**To do:**
The expected response is the complete listing below, restated exactly, with its pictures omitted.

**Data extract:**
----------

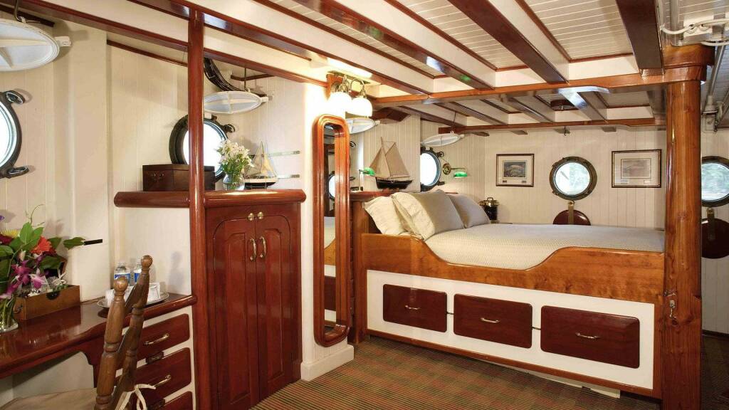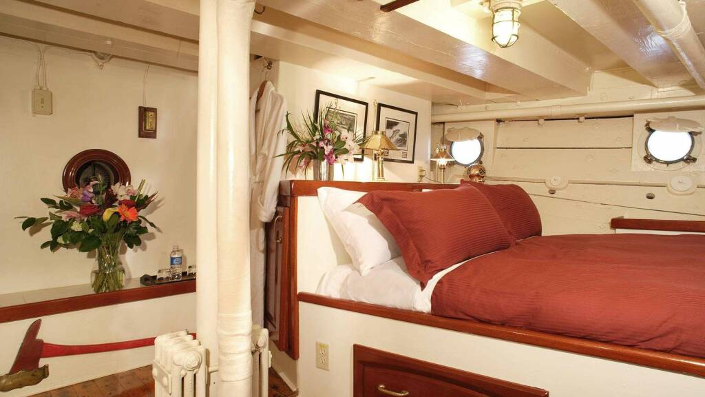 Sleeps 3. DOUBLE bed on one side. Drop down Pullman SINGLE bed on the other side. Two opening portholes. Private bathroom is across the hall, with shower.
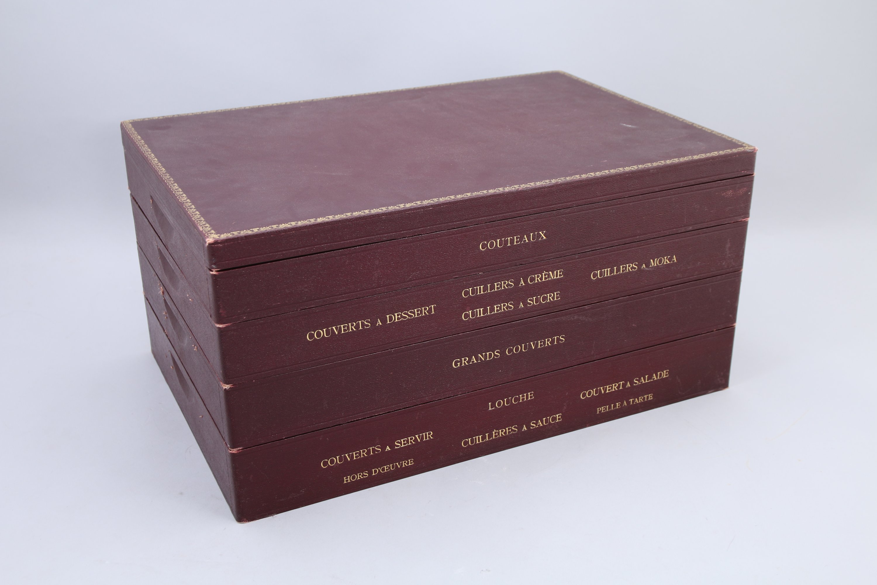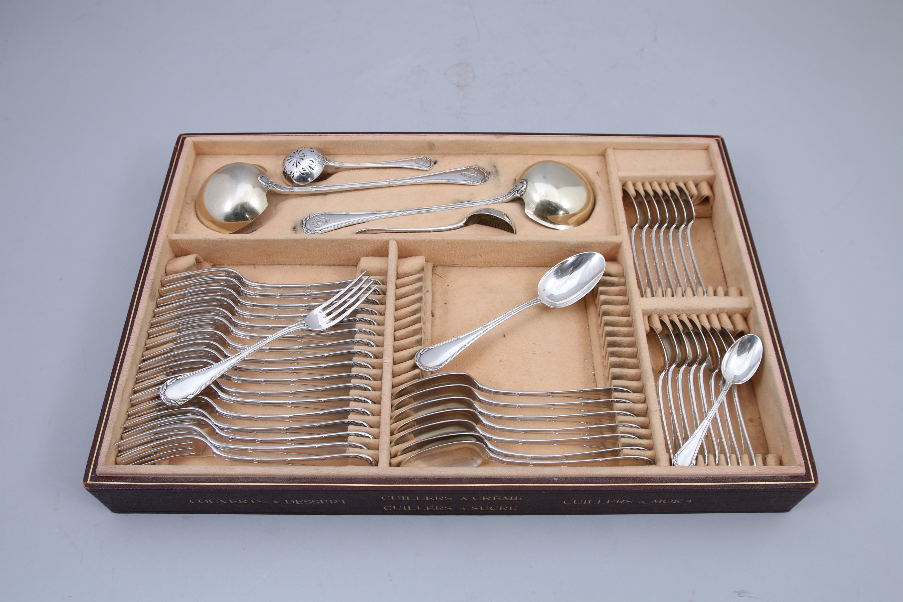 PUIFORCAT. MÉNAGÈRE de CENT SOIXANTE-TREIZE pièces en argent modèle filets rubans aux feuilles d'acanthes, chaque élément chiffré "CR". Deux pièces en vermeil. Comprenant :
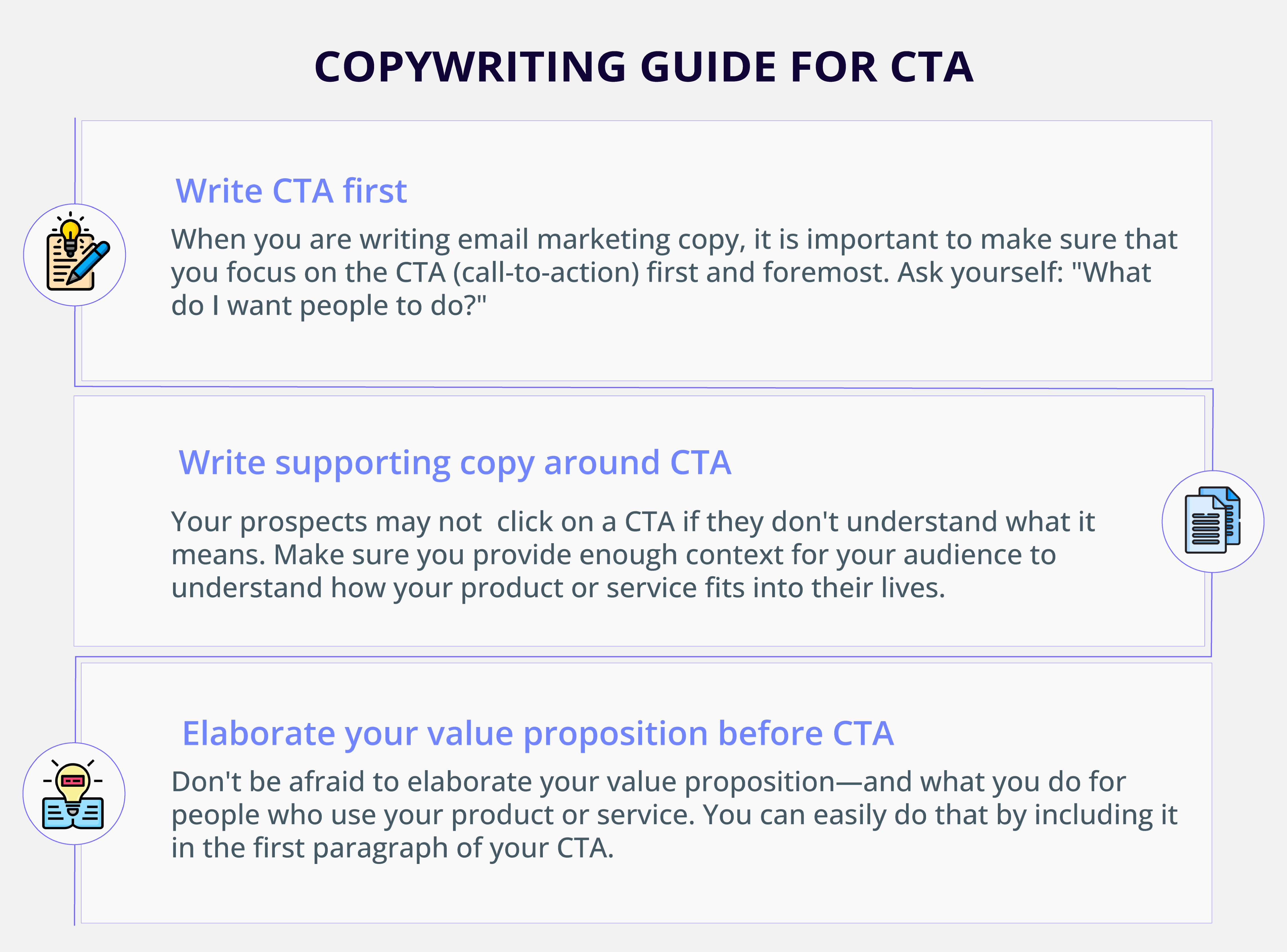 When you are writing email marketing copy, it is important to make sure that you focus on the CTA (call-to-action) first and foremost. In email marketing, your CTA should be the first thing people see when they open your email. This is where they will decide whether or not they want to click through and see what else you have to offer.

----------

**Exercise answer:**
 Sleeps 3. DOUBLE bed on one side. Drop down Pullman SINGLE bed on the other side. Two opening portholes. Private bathroom is across the hall, with shower.
 PUIFORCAT. MÉNAGÈRE de CENT SOIXANTE-TREIZE pièces en argent modèle filets rubans aux feuilles d'acanthes, chaque élément chiffré "CR". Deux pièces en vermeil. Comprenant :
 When you are writing email marketing copy, it is important to make sure that you focus on the CTA (call-to-action) first and foremost. In email marketing, your CTA should be the first thing people see when they open your email. This is where they will decide whether or not they want to click through and see what else you have to offer.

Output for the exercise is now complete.